Salisbury City Hall is located at 125 North Division Street, Salisbury, MD 21801; phone: 410-548-3100.

Poplar Hill Mansion, 117 Elizabeth Street, Salisbury, Wicomico, MD
Photo: Poplar Hill Mansion, 117 Elizabeth Street, Salisbury, Wicomico, MD. Historic American Buildings Survey [HABS MD-23], photographed by E. H. Pickering, 1936,, accessed September, 2012.

Poplar Hill Mansion (traditional name thought to be of nineteenth century origin) was built ca. 1805. It was accepted for the National Register of Historic Places on October 7, 1971. The property was purchased by the State of Maryland in 1974 and subsequently restored by Wicomico County. The City of Salisbury now owns and maintains Poplar Hill Mansion. [Maryland Historical Society Historic Marker]

Beginnings [1]

When the City of Salisbury was incorporated in 1732, the current downtown area was locally known as "Handy's Landing," a dock area. The presence of the Wicomico River and Humphrey's Lake, adjoining the river on the east, was a valuable asset and the docks became an important spot for local trade. According to City records five streets had been laid out by 1817: Dividing Street (dividing Somerset and Worcester Counties), Somerset and Worcester Road (connecting the two counties), Bridge Street, Back Street and Church Street. Although no buildings survive from this early era, these streets remain, now known respectively as Division street, Isabella Street, Main Street, Camden Street and Church Street.
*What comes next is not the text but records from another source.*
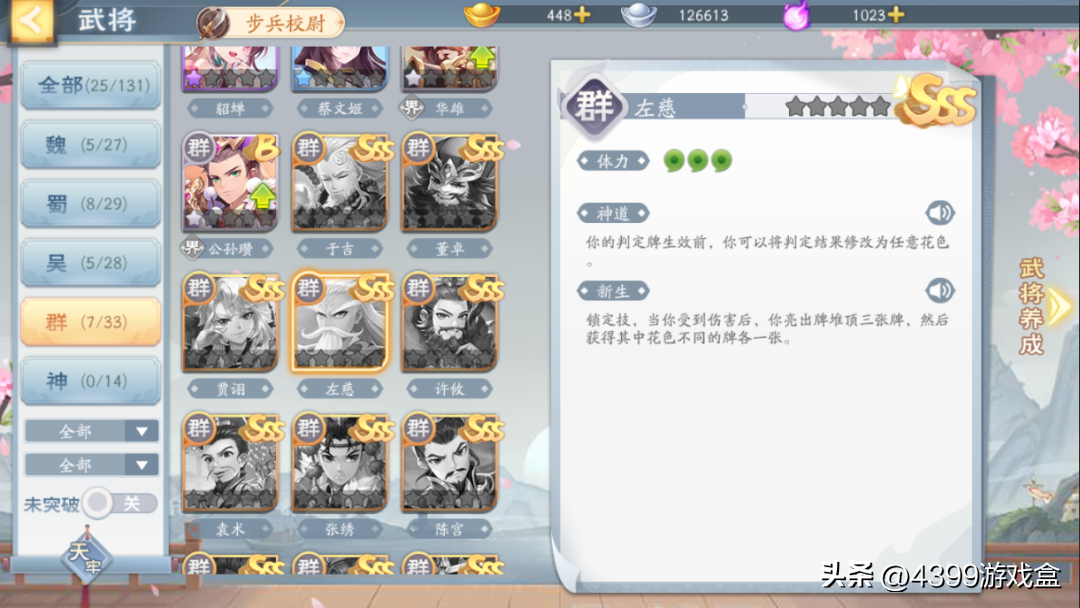 比如说孙权、刘备等武将直接取消了界限突破,本身就自带突破后的技能;而上面我们刚刚提到的左慈则是将获得武将牌的技能改成了“受到伤害后观看牌堆顶三张牌选不同花色获取”,以及“可以改自己的判定牌”。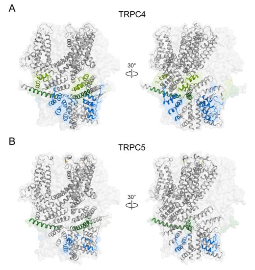 Domains responsible for tetramerization process in TRPC4 and TRPC5 channels. (A) Domains in TRPC4 channels. Blue domains: ARD; Light green domains: HLH; Green domains: connecting helix. (B) Domains in TRPC5 channels. Blue domains: ARD; Green domains: connecting-helix.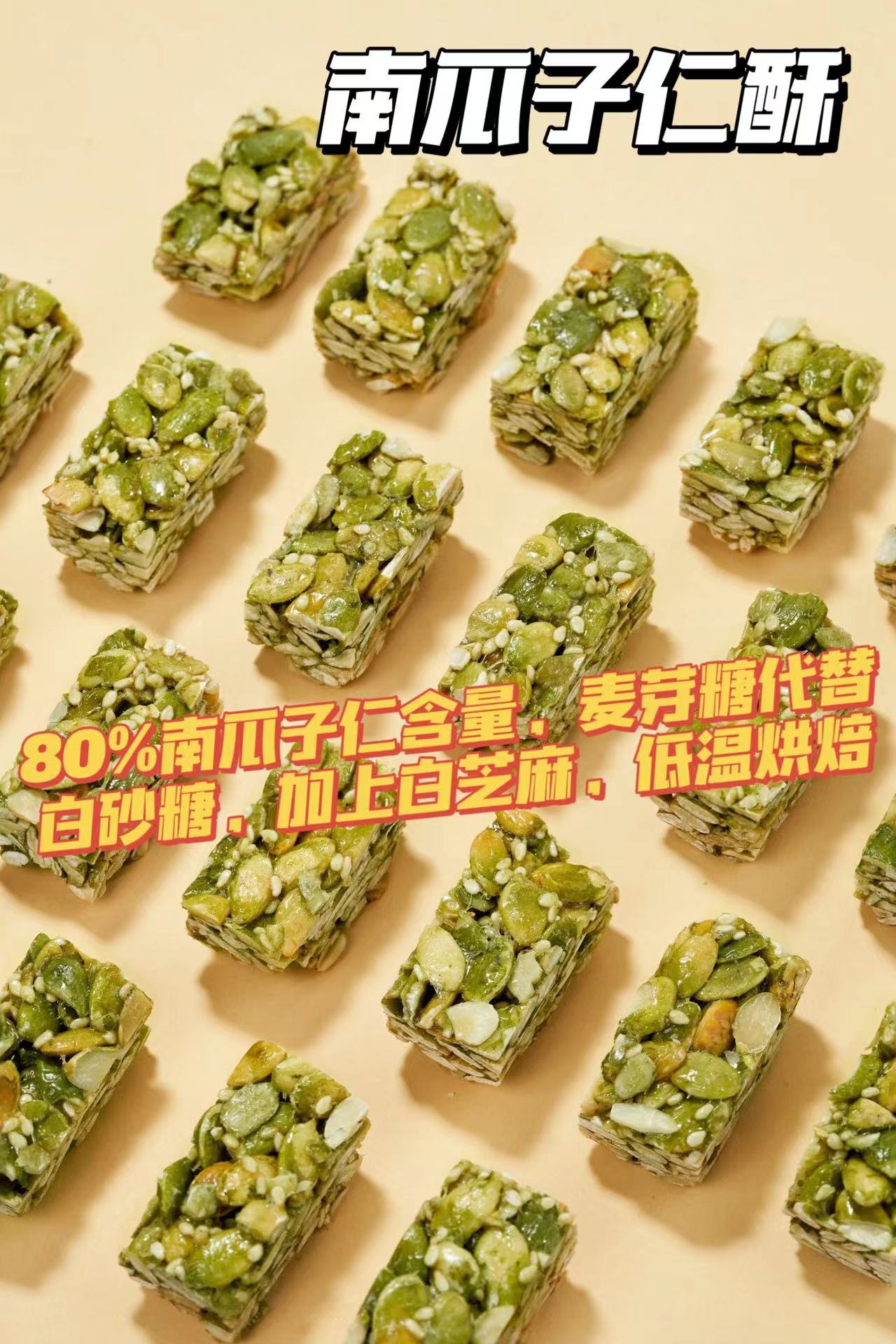 【南瓜子酥】满满的南瓜子仁,高达80%!来自内蒙古五原县的优质南瓜,颗颗饱满,粒粒硕大。低温烘焙,不上火,口感更佳!添加15%麦芽糖浆和5%白芝麻,清甜中带有芬芳,酥脆到停不下来!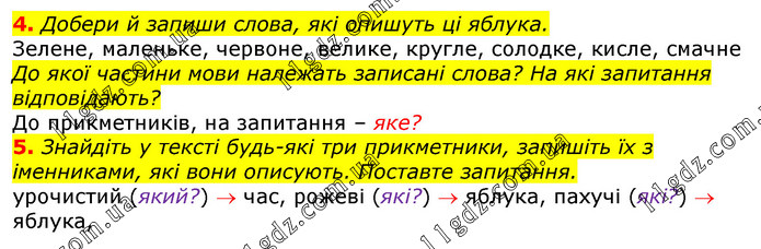 Добери й запиши слова, які опишуть ці яблука. До якої частини мови належать записані слова? На які запитання відповідають? Знайдіть у тексті будь-які три прикметники, запишіть їх з іменниками, які вони описують. Поставте запитання.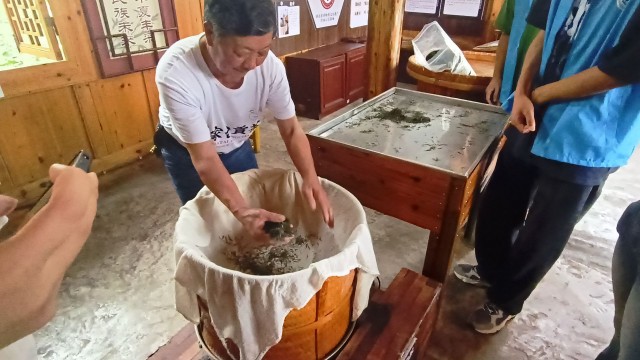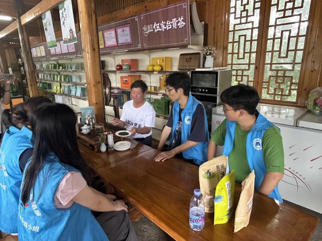 图为制茶工匠为社会实践队员们介绍制茶过程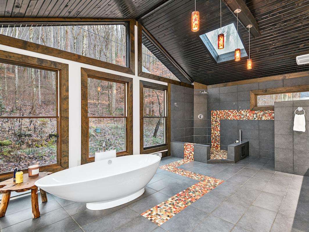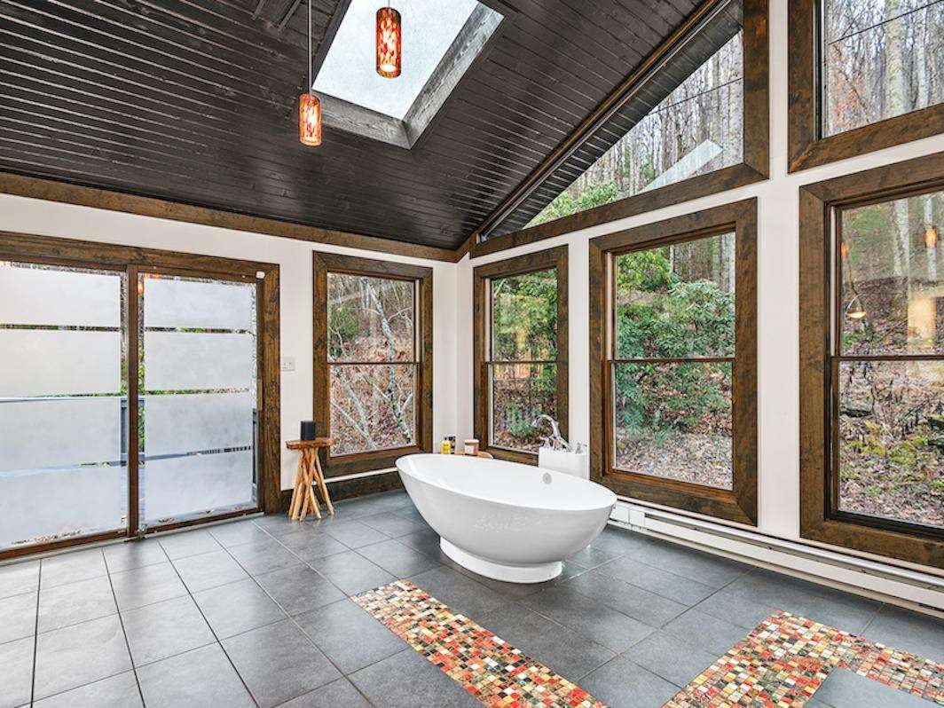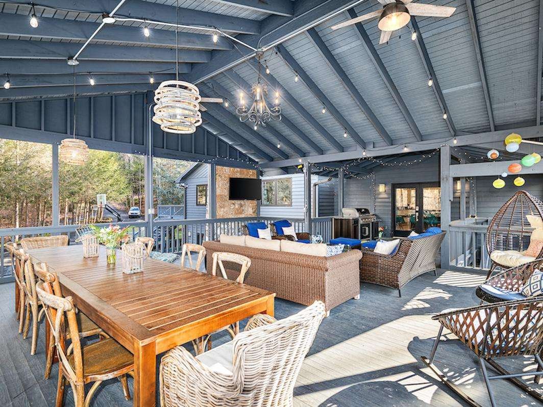 Out of the Blue, Beautiful House rental in Asheville has 4 bedrooms, 4.5 bathrooms, 8 sleeps, 3 minimum stay House for rent in Asheville North Carolina with the amenities and near by attractions , Air Conditioning, Paper Towels, Deck/Patio, Fireplace, Fitness Room , Free WiFi, Full Kitchen, Game Room, Heating, Internet, Kid Friendly, Linens Provided, Managed by Property Manager, No Pets Allowed, Non-Smoking, Parking, Porch / Veranda, Towels Provided, Wireless Internet, Washing Machine, Children Welcome, Fire extinguisher, No Smoking, No parties/events, Smoke detector, Carbon-monoxide detector, Exterior lighting, Blender, Microwave, Outdoor Grill, Television, Ceiling Fans, Oven, Toaster, Coffee Maker , Hair Dryer , Refrigerator, Washer/Dryer , Dishes & Utensils, Iron & Board , Stove, Dishwasher, First-aid kit, Dining Area, Basic Soaps, Toilet Paper, Kettle, HangersBooks, Games, Stereo, Central Heat, Game Room, King Bed, Cookware, Antiquing, Bird Watching, Gambling, Horseback Riding, Outlet Shopping, Shopping, Wildlife Viewing, Fitness Center, Hospital, Mountain, Gas Grill, Deadbolt Lock, Outdoor Lighting, Biking, Equestrian Events, Fishing Fly, Golfing, Hiking, Hot Air Ballooning, Kayaking, Mountain Biking, Rafting, Rock Climbing, Roller Blading, Tennis, Water Tubing, White Water Rafting, Family, Luxury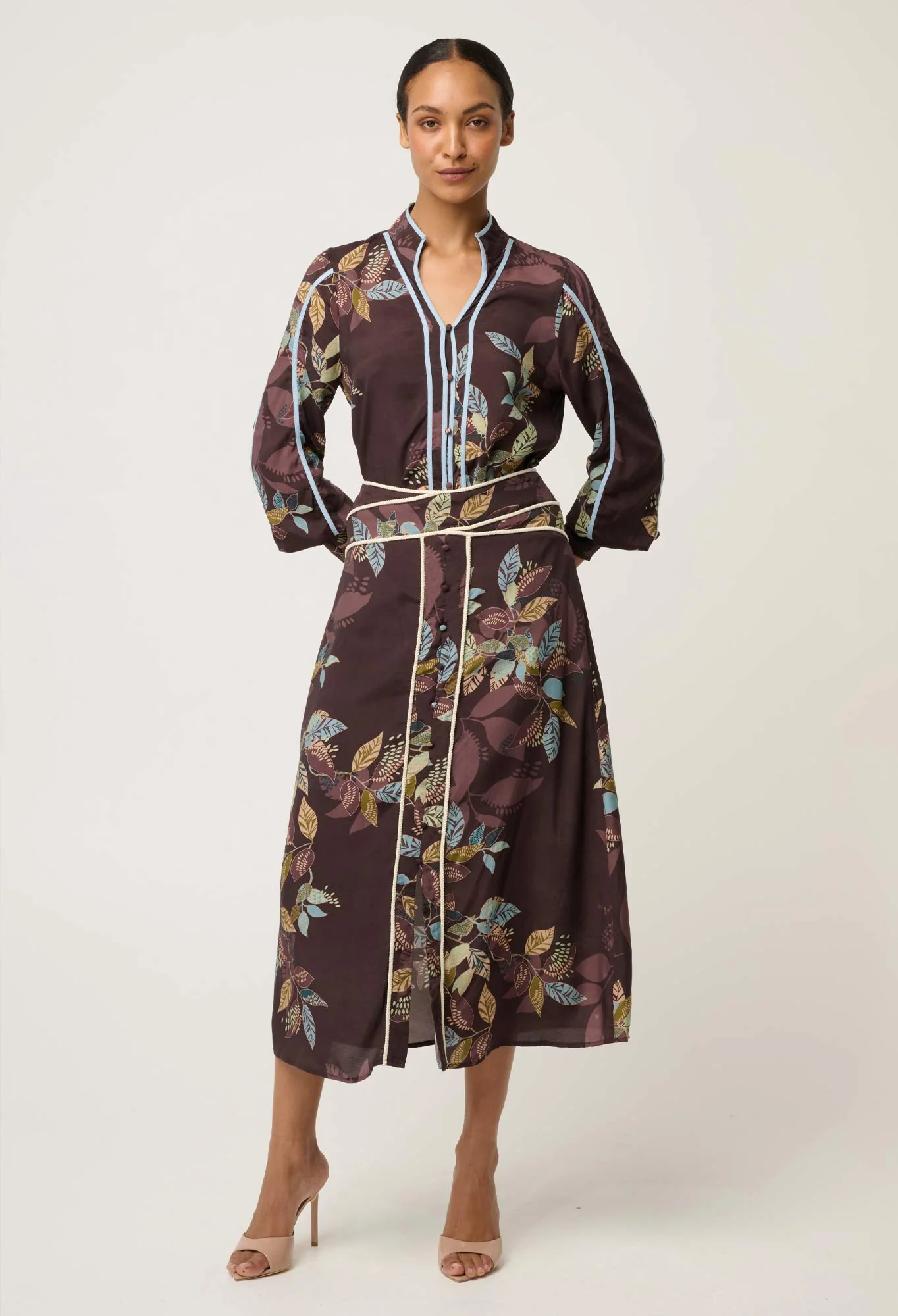 Artful design meets effortless elegance in the Harper Viscose Faille Criss Cross Waist Panel Skirt in Ember Vines. Crafted from luxurious viscose faille, this beautifully structured skirt offers a smooth finish with a subtle body, allowing it to hold its shape while draping gracefully with movement.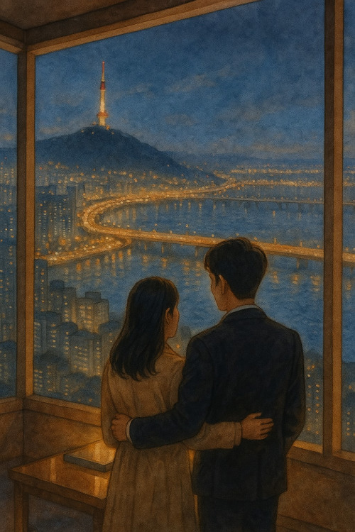 서울의 야경은 금빛 별자리처럼 발밑에서 펼쳐졌다.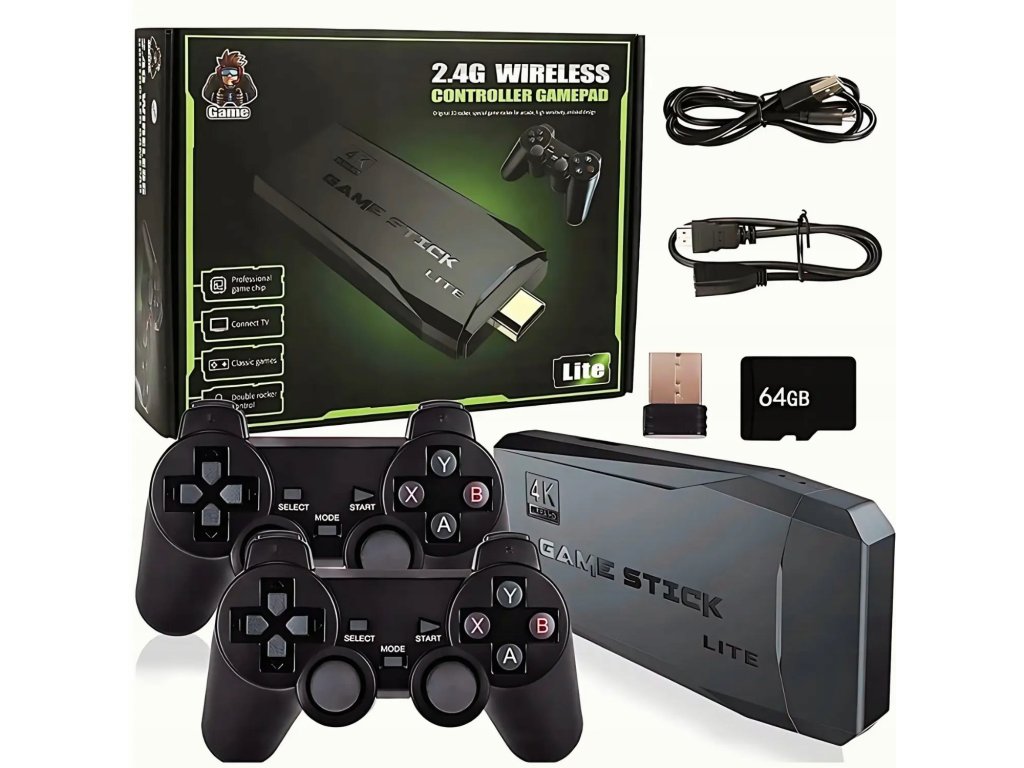 Game Stick Lite 64GB – Retro herní konzole 4K (2× bezdrátový ovladač)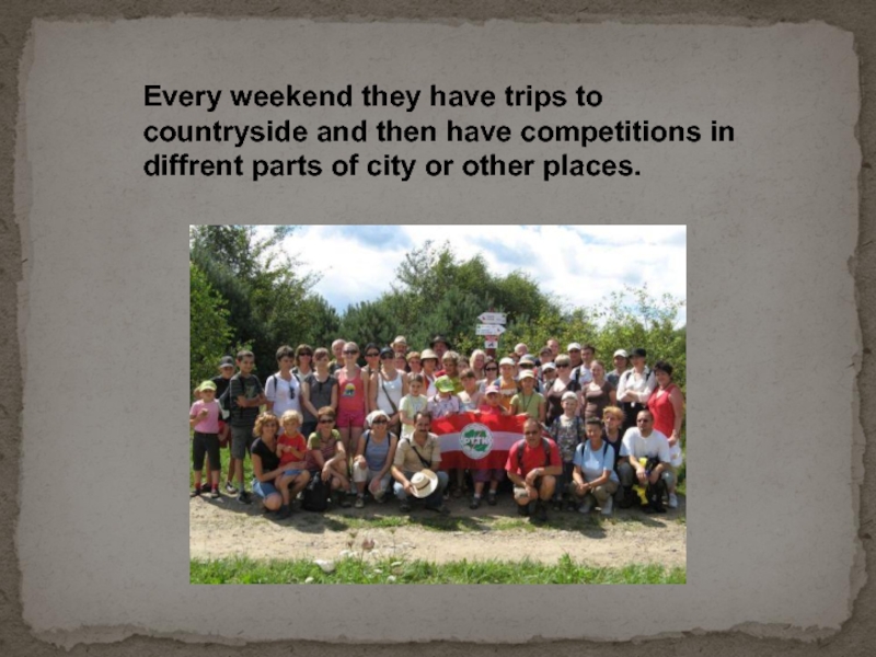 Слайд 18Every weekend they have trips to countryside and then have competitions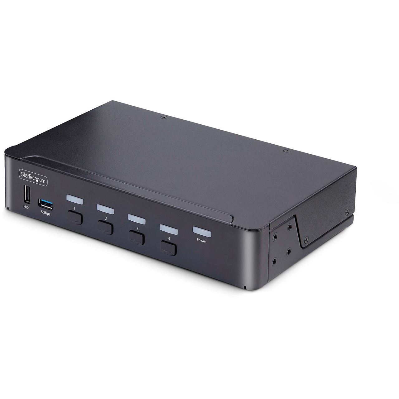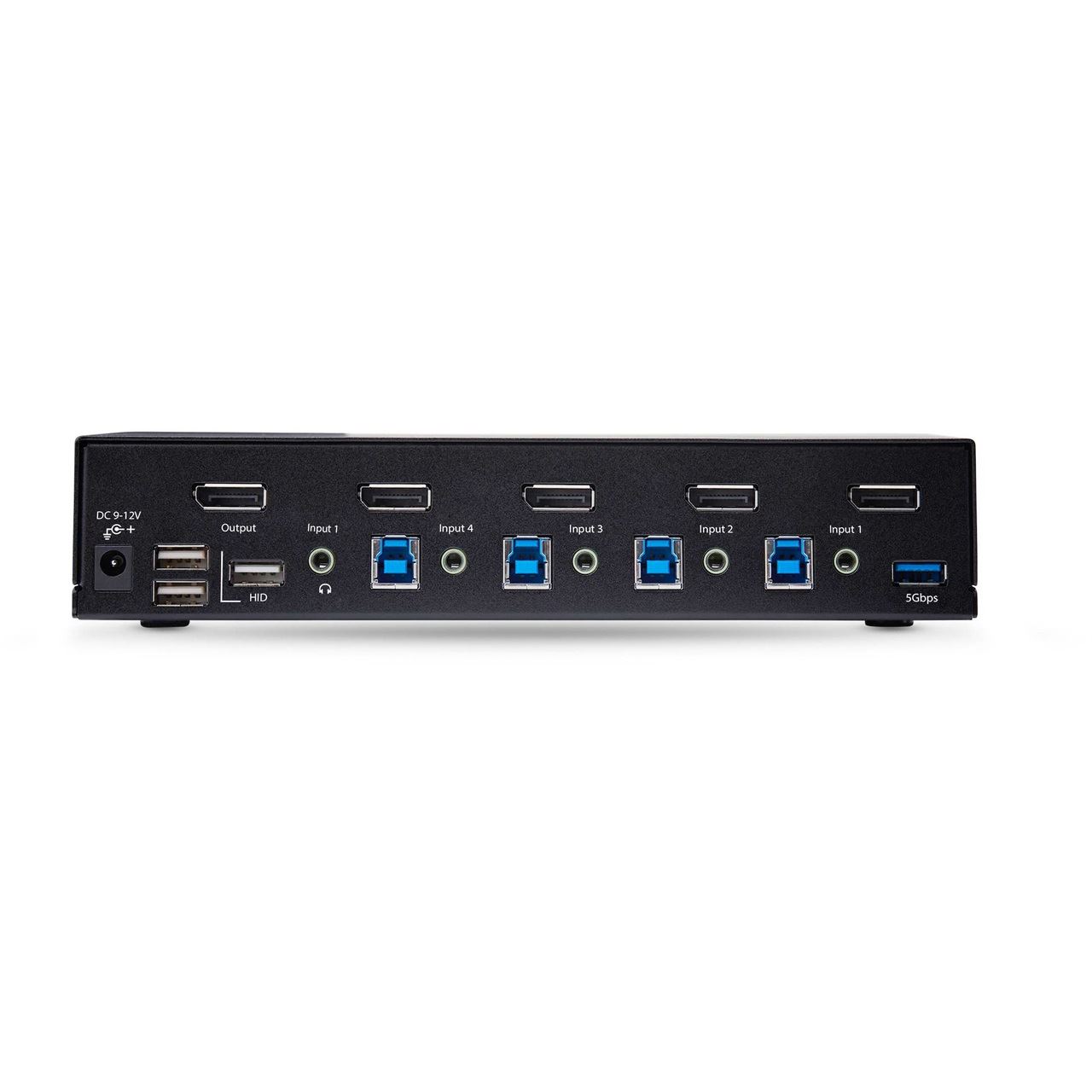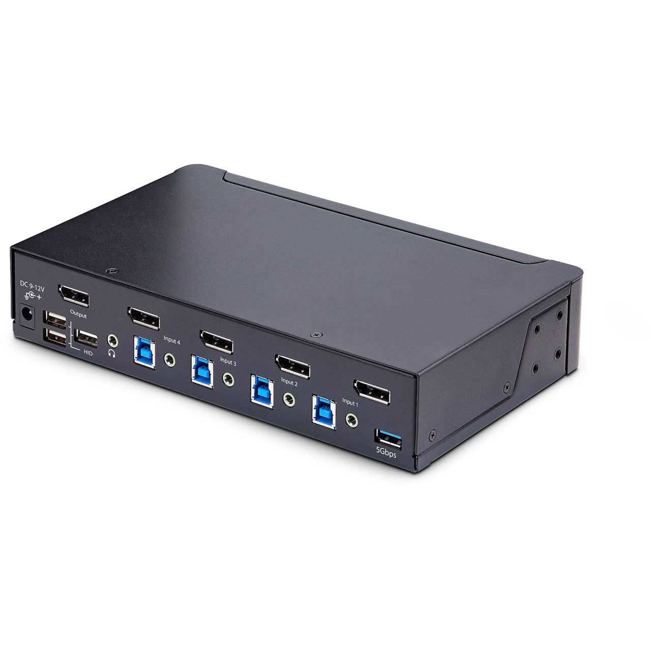 Teilen und schalten Sie zwischen vier USB-A und DisplayPort-fähigen Computern um, indem Sie diesen DisplayPort KVM-Switch benutzen. Teilen Sie einen 8K 60Hz DisplayPort-Bildschirm, eine Tastatur und Maus, zwei USB 5Gbps Geräte und zwei zusätzliche USB 2.0 Geräte.

In the mid-19th century, the downtown area attained local an regional prominence. The dock area, whose growth was recognized by the designation of Dock Street in the 1830s, became an important transportation mode, and even as rail transport developed later in the century, the water transport business continued to prosper in Salisbury. Initially farm and marine products were the primary cargoes, but by the 1840s, a number of flour, lumber and lime mills developed in the area expanding the base of goods exported from Salisbury. Retail shops were constructed along Bridge Street (Main Street) between Division and Dock Streets, forming a corridor of densely packed, two-story frame buildings. North of Church Street was Isabella Street which was the core of the residential area.

  1. Kennedy Smith, Downtown Historic District Commission and Kim Kimlin, Maryland Historic Trust, Downtown Historic District, Salisbury, Wicomico County, Maryland, nomination document, National Park Service, National Register of Historic Places, Washington, D.C.